[Collected data entries]
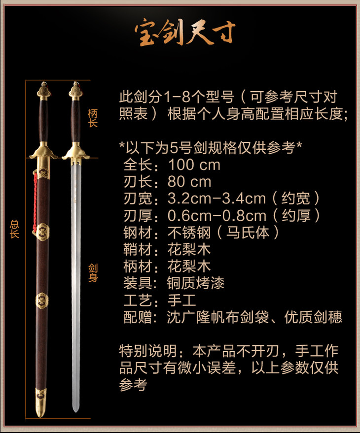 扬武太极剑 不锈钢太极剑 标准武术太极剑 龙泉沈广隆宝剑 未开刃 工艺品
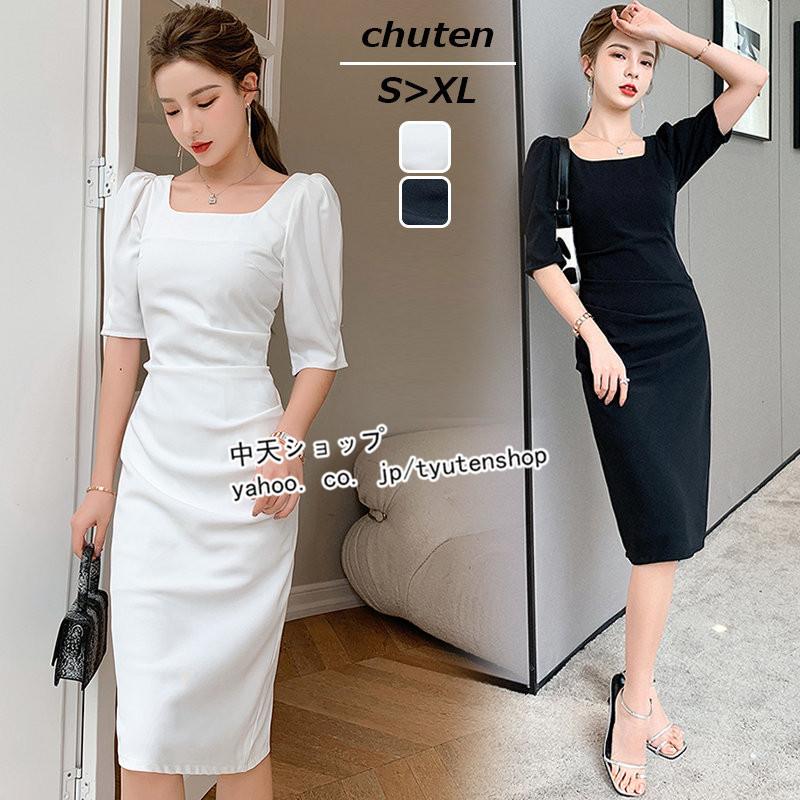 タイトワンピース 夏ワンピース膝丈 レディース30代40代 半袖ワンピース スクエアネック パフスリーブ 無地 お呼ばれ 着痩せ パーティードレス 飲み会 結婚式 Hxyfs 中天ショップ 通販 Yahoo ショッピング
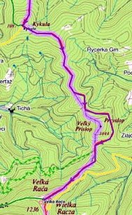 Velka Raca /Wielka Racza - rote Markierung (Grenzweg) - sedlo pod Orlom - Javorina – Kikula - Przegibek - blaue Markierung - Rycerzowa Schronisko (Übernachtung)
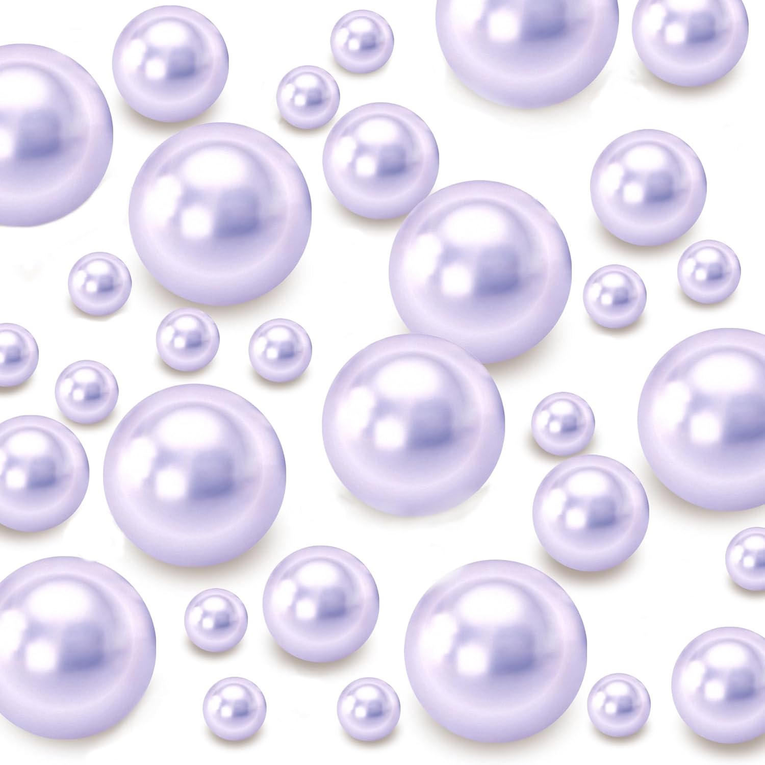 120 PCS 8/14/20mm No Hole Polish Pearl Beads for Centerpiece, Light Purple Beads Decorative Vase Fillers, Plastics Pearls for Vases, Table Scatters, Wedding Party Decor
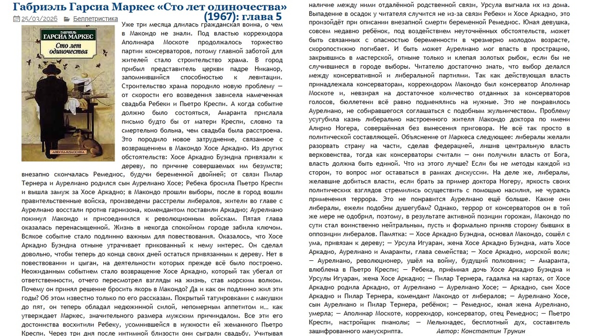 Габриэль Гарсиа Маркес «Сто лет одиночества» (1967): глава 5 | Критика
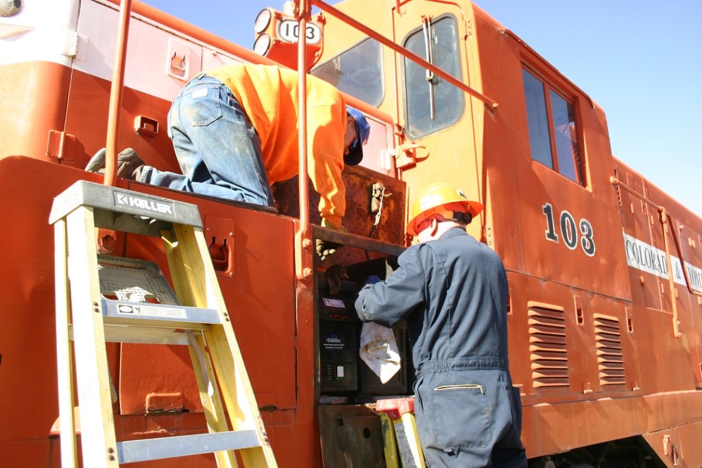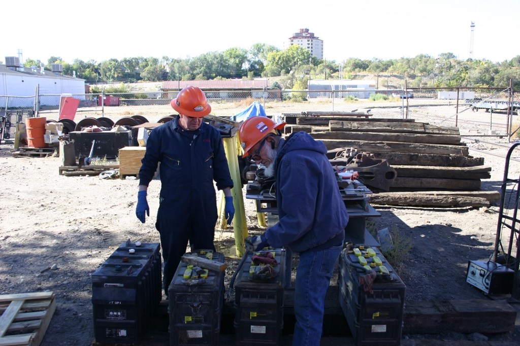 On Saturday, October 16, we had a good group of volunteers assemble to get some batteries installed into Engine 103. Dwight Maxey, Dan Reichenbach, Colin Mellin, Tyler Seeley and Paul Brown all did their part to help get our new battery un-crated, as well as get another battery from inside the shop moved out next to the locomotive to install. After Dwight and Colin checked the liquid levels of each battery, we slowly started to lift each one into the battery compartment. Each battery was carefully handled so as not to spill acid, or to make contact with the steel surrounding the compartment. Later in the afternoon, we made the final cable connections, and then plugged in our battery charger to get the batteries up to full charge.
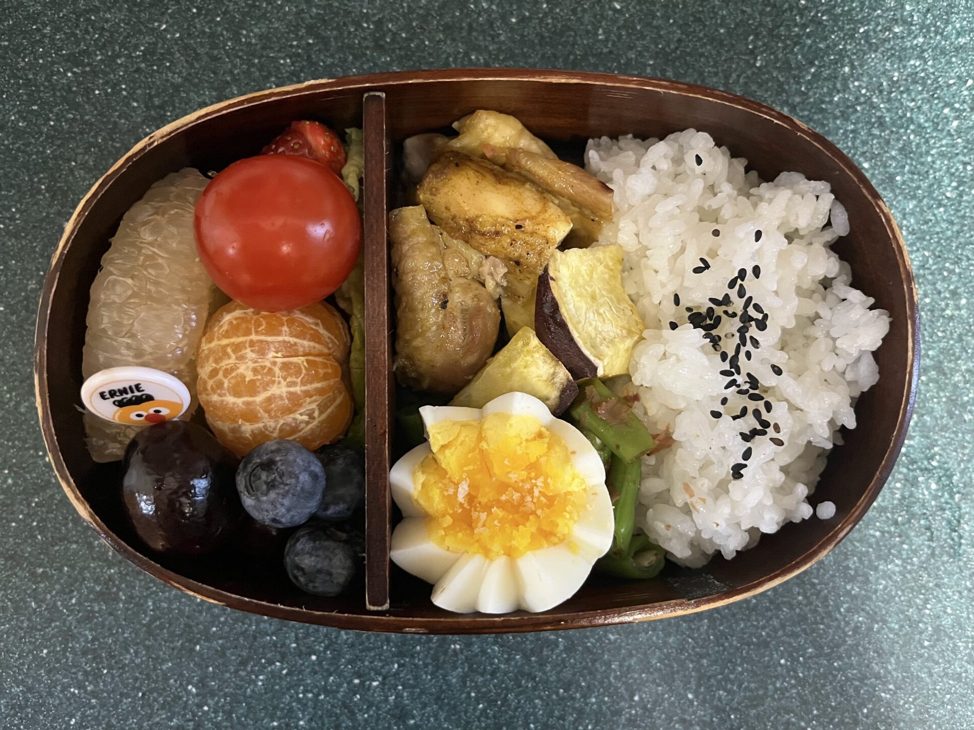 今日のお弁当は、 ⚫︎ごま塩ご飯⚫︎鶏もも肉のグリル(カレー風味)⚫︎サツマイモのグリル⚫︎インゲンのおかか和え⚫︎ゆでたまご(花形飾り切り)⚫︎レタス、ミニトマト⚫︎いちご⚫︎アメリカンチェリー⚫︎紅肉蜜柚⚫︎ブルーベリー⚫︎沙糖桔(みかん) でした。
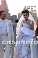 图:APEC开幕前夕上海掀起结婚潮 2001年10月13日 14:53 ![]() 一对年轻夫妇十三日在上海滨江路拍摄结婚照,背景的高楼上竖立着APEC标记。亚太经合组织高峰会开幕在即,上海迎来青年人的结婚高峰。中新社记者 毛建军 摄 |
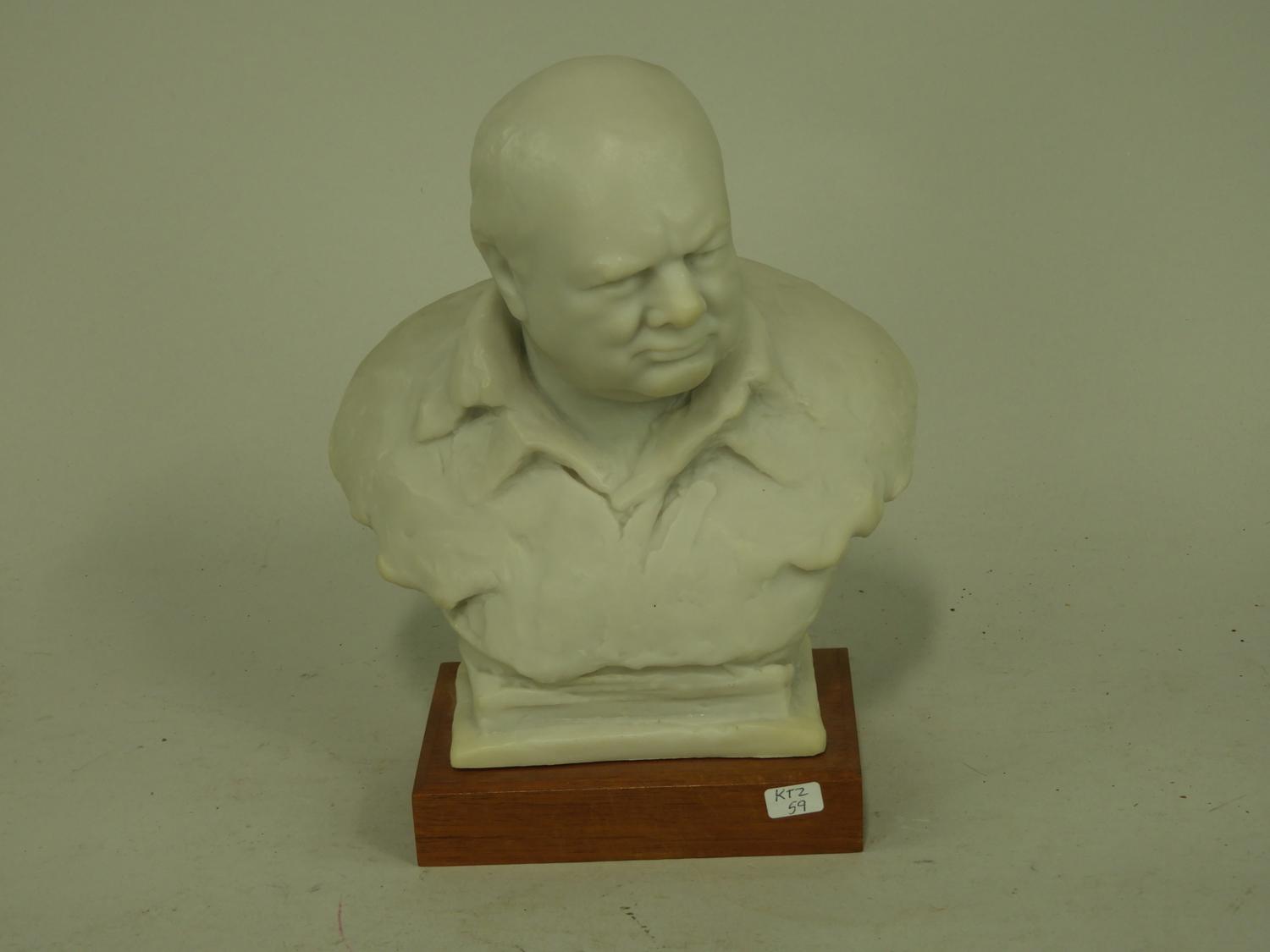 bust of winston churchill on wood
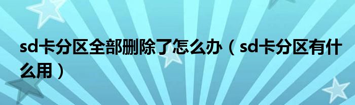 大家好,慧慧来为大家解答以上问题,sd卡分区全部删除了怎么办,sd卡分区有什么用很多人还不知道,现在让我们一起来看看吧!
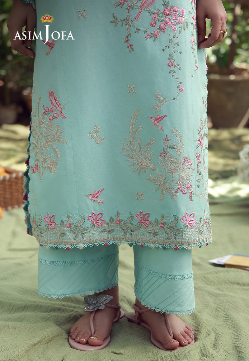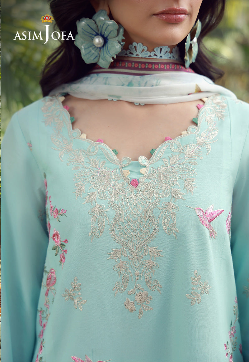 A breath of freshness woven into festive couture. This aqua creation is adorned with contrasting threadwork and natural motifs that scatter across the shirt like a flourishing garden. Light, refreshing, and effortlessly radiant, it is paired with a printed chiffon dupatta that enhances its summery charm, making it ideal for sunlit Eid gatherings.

Task:
Output the data above exactly, beginning at its first line and ending with the line that holds "Габриэль Гарсиа Маркес". Leave out the pictures and add nothing.

Exercise answer:
 扬武太极剑 不锈钢太极剑 标准武术太极剑 龙泉沈广隆宝剑 未开刃 工艺品
 タイトワンピース 夏ワンピース膝丈 レディース30代40代 半袖ワンピース スクエアネック パフスリーブ 無地 お呼ばれ 着痩せ パーティードレス 飲み会 結婚式 Hxyfs 中天ショップ 通販 Yahoo ショッピング
 Velka Raca /Wielka Racza - rote Markierung (Grenzweg) - sedlo pod Orlom - Javorina – Kikula - Przegibek - blaue Markierung - Rycerzowa Schronisko (Übernachtung)
 120 PCS 8/14/20mm No Hole Polish Pearl Beads for Centerpiece, Light Purple Beads Decorative Vase Fillers, Plastics Pearls for Vases, Table Scatters, Wedding Party Decor
 Габриэль Гарсиа Маркес «Сто лет одиночества» (1967): глава 5 | Критика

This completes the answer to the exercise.